Some have commented on what so many of us recall: how a Shah, battered by
overwhelming popular opposition, gave up the fight at a certain point (in
part, because portions of his own security forces and military had done
likewise rather than participate in further bloodshed against the people).
In that instance, the street won, not an authoritarian order. In this
case, however, driven by levels of fanaticism unknown to the Shah or those
comprising his leadership (nor many of the imperial cadres bearing arms
for that regime), Jannati, Ahmadinejad and their ilk probably would not be
inclined similarly. While the Shah reportedly grew weary of intense
bloodletting, many of his more twistedly self-righteous and fanatical
successors might not have such limits. And even if they do, their
tolerance for pain and violence could well be far in excess of the Shah's.
If these people decided to hang on come what may, but Khamenei was
inclined to blink, they might even shove him aside or turn him into an
intimidated fellow traveller in order to press on with their own fight for
survival.

Such a phase of this great struggle would become far bloodier and more
physical than what we have witnessed to date. Probably as many as
hundreds of thousands of Ahmadinejad's compatriots might well be steeled
for such a bruising showdown. If this should come to pass (possibly a
bloody battle of attrition of sorts), the terrible question would be
whether hundreds of thousands of the more genuinely high-minded, less
brutish individuals making up the vast bulk of the opposition are
similarly prepared for such an ugly showdown. Also in the balance would
be the willingness of armed elements such as the regular army (much of
which probably harbors sympathies similar to those of the opposition), to
step in actively and lend a possibly critical and forceful hand.

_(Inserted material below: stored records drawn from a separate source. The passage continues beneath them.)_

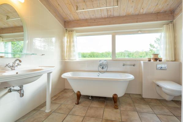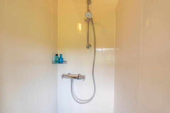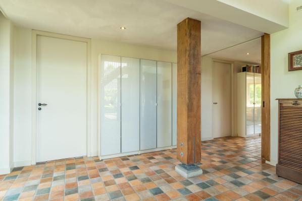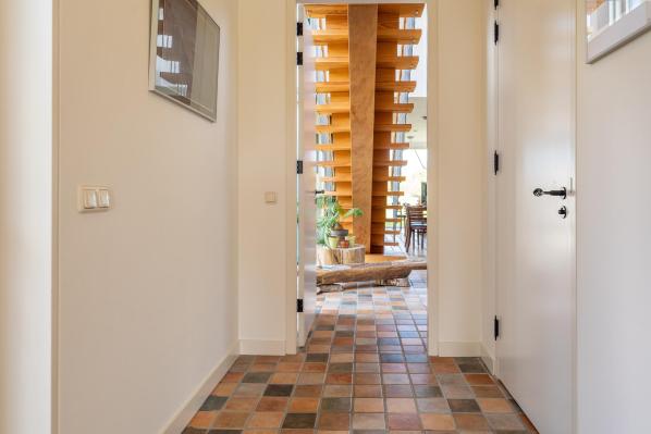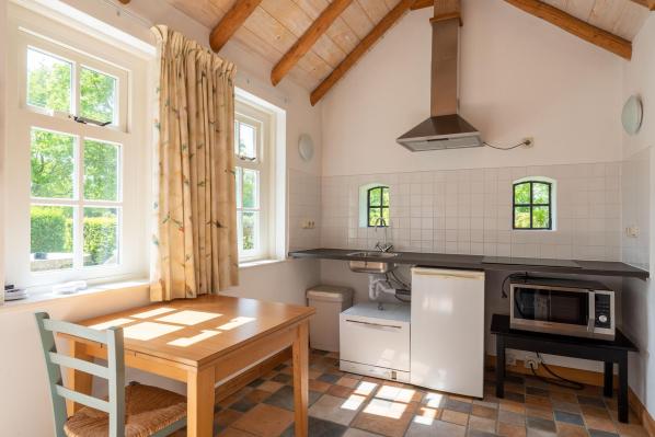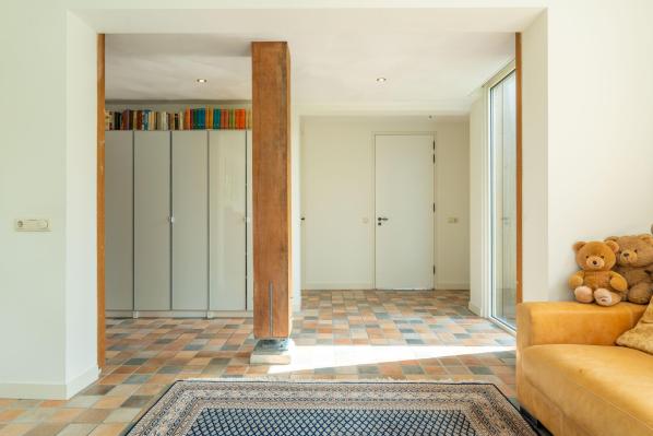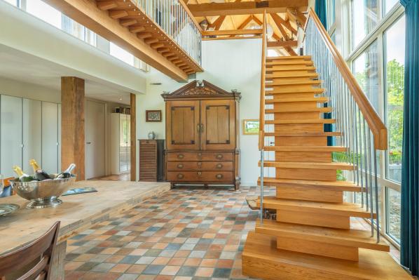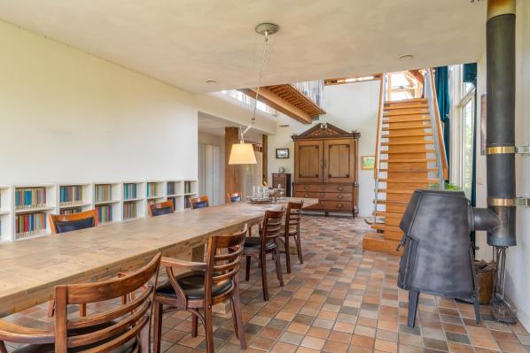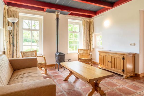 Het hele hoofdgebouw en het woudhuisje beschikken over een plavuizenvloer i.c.m. vloerverwarming
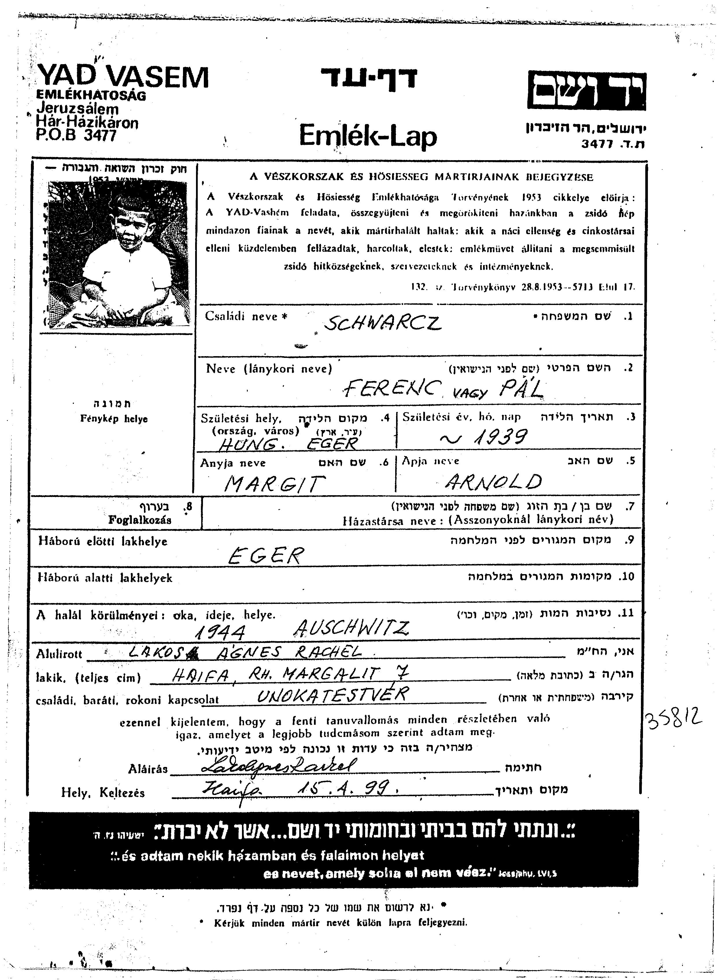 Pal Ferentz Schwarcz wurde im Jahr 1939 in Eger, Ungarn geboren. Vor dem Zweiten Weltkrieg lebte er in Eger, Ungarn.
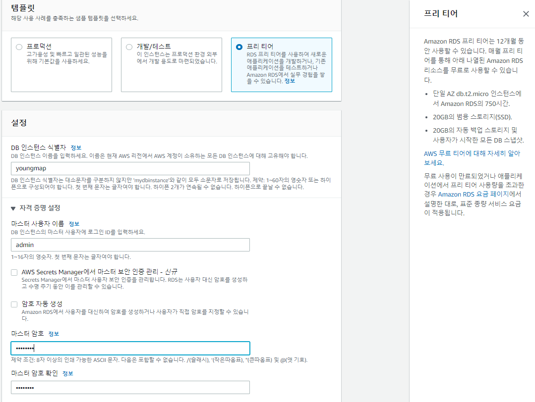 AWS 1년 프리티어 RDB 생성 방법 주의사항

PS: While tapping out the above I winced at several points myself at the
potential cost in lost life and sheer suffering, but I thought it was
necessary to warn of this possibility nonetheless.

In an email White sent to me on Thursday morning, he noted,

Along the lines of realism, one thing I've heard from a number of Iranian oppositionists is that in the absence of more forceful statements from the West--especially President Obama--they feel as if they are "alone."  The sad fact is that they are for the most part alone.  Although I believe the president has been a bit too restrained in his choice of words (particularly since the regime already is making accusations of foreign interference in any case), the opposition really is going to have to win this themselves on the ground.  No one is going to--or can--intervene effectively.